No they are not – if you take a few simple precautions. In fact, it’s very easy to avoid paying income tax on life insurance proceeds. Then again, all it takes is a little sloppy bookkeeping and you can inadvertently name Uncle Sam your new life insurance beneficiary. Who needs that? Let’s make sure that doesn’t happen.
When you buy life insurance there are three parties involved; the owner, the beneficiary and the person who is insured. Typically the person who buys the insurance is the owner and the insured. If I buy life insurance on myself I own it and I am probably the insured. As the owner I get to name the beneficiaries. Simple as that.
I can name anyone I want as the beneficiary. If I die, the beneficiaries will get the loot and they won’t pay a cent in income or estate tax. Sweet (for them). The are really only a few exceptions to this.
If I name my estate or my living trust as beneficiaries or if I fail to name a beneficiary, the proceeds will be included in my estate and therefore taxable. Why? Because according to the IRS I have an “incidence of ownership” in those situations. That’s bad news because my estate may have to pay estate tax on those proceeds.

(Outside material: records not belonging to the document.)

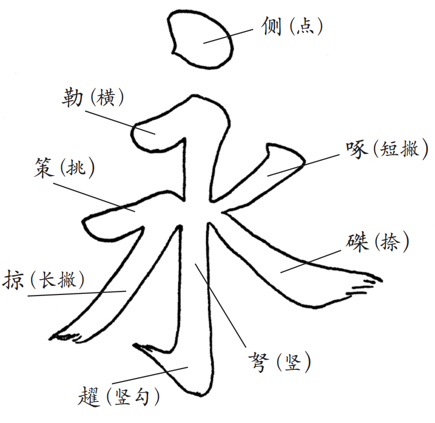永字八法是古人以永字为例,概括地阐述楷书八种基本点画用笔要点的方法。关于它的来源,历来说法不一,大约是在楷书盛行的隋唐之际,书家为指导初学者习书,便取被誉为“天”的王羲之《兰亭序》的第一个字“永”为例,总结出一套欲以简驭繁、“以开字中眼目”的教学方法。在永字八法中,点叫作侧,横叫作勒,竖叫作弩,竖勾叫作趯,挑叫作策,竖撇叫作掠,横撇叫作啄,捺叫作磔。点画的命名虽然很奇特,但寻其字义,皆暗含比喻,说明该点画应如何写才能得其骨力、神韵。下面我们顺次试作简要的说明。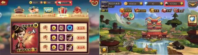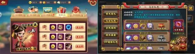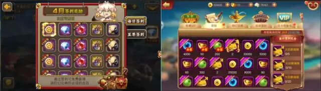 每日签到。游戏中的签到经常与VIP等级相关,我们先来看下面几张游戏每日签到任务截图,从图中我们可以看到,签到页面结构类似,设计思路是累计签到时间越长,奖励越丰富,签到奖励均可见,VIP等级不同可以领取翻倍奖励。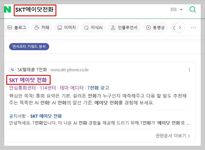 1. 네이버에 SKT에이닷 전화 검색 후 사이트 접속하기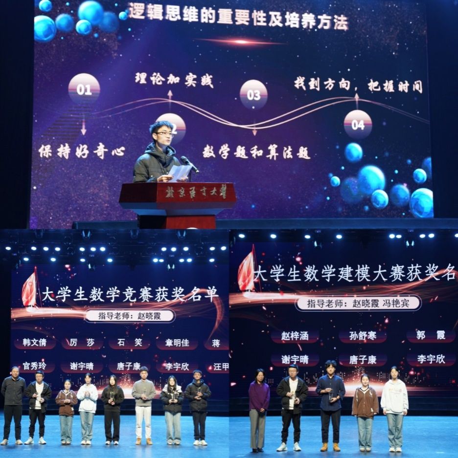 在数学类竞赛展示板块,现场通过视频呈现相关赛事概况和参赛要求。学院党委副书记于东、研究生院副院长刘洁分别为数学竞赛、数学建模竞赛获奖者颁发荣誉证书,获奖学生蒋帅结合参赛经历,分享逻辑思维训练在专业学习中的实践路径与宝贵经验。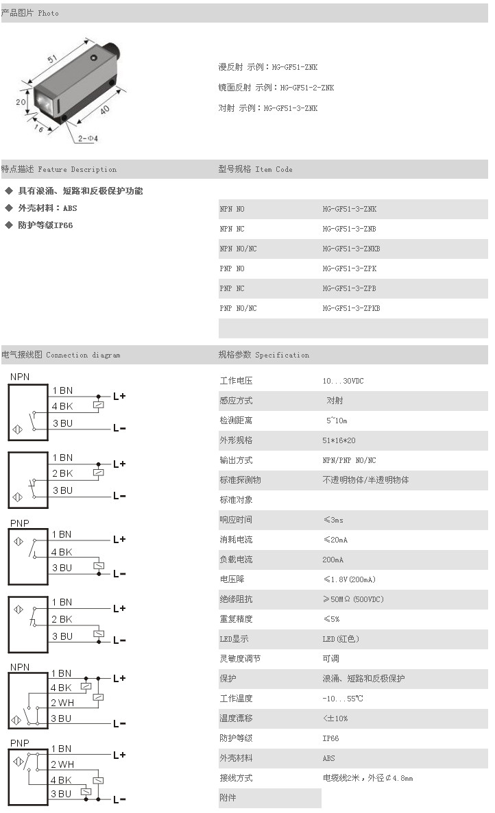 方型光電開關(guān)/傳感器 HG-GF51-3-ZNK,HG-GF51-3-ZNB,HG-GF51-3-ZNKB,HG-GF51-3-ZPK,HG-GF51-3-ZPB,HG-GF51-3-ZPKB, |

But the good news is that this is completely avoidable. All you have to do is make sure to name someone else as the beneficiary. Since the entire reason you buy life insurance to provide for others, this isn’t a hard requirement to comply with.
The second exception is if you buy life insurance through your employer using pre-tax dollars. If you go this route and then die, the death benefit becomes taxable income.

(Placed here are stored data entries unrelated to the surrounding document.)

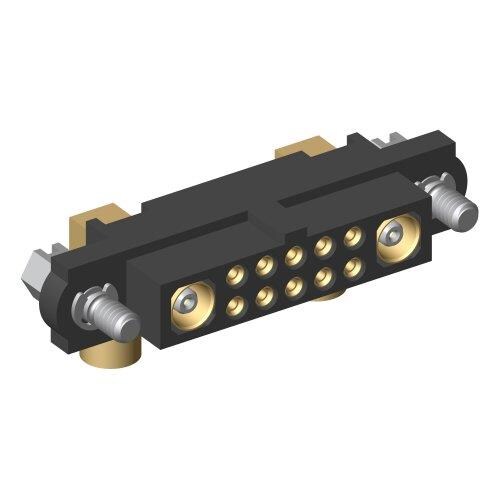 Harwin M80-4C11005F1-01-309-01-309 Power to the Board Datamate 2-Row Mix-Tek Female Crimp Connector, Hexagonal slotted jackscrews, 10 x Small Bore (24-28 AWG) signal contacts, 2 x 2.7mm 90 degree Crimp Coax contacts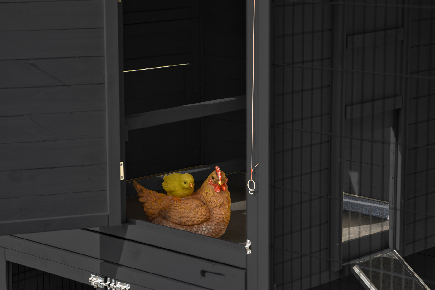 - Nachthok afsluitbaar: luik schuift naar boven/beneden
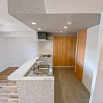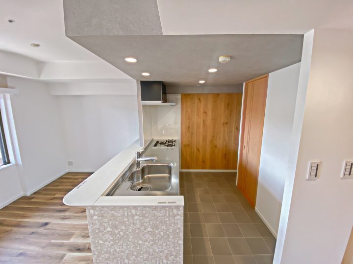 キッチンの天井部分には石目調のニュアンスのあるグレーのクロスを施しました。カウンターの腰壁部分に使用したのはサンゲツRE-55665。パールの光沢やタイル面の素材感が高級感を演出するモザイクタイル柄です。

Your beneficiaries won’t have to pay it per se but the income tax is going to going to take a huge slice out of that pot of dough and there will be a lot less available for the family as a result.
Many employers offer life insurance group policies and they are usually a fantastic benefit. Just make sure to check with HR. If you have the option, think about buying that life insurance with after-tax dollars instead. That way, if you pass away, your family will get 100% of the benefit and beat the tax man at his own game.
There is one other reason why your beneficiaries might pay some tax on death benefits and that’s when the money earns interest before being distributed to the beneficiaries.
Let me explain.
Once there is a death claim and the paperwork is settled, the benefit becomes available immediately. Sometimes the beneficiaries leave the money on deposit with the insurance company until they decide what to do with the money. In that case, the insurance company pays interest and that interest is taxable. This isn’t a huge problem and it’s not something you should worry about but it’s something to be aware of.
As you can see, it’s easy to shield life insurance death benefits from the tax man. Make sure you have the right beneficiaries that you have no incidence of ownership and that employer-provided life insurance is paid for after-tax. Of course there are always exceptions. Depending on your particular situation, you may want to use other tactics. That’s when a good qualified estate planning attorney really comes in handy.
Have you considered how to structure your life insurance to minimize tax? What have you done? What are your major concerns?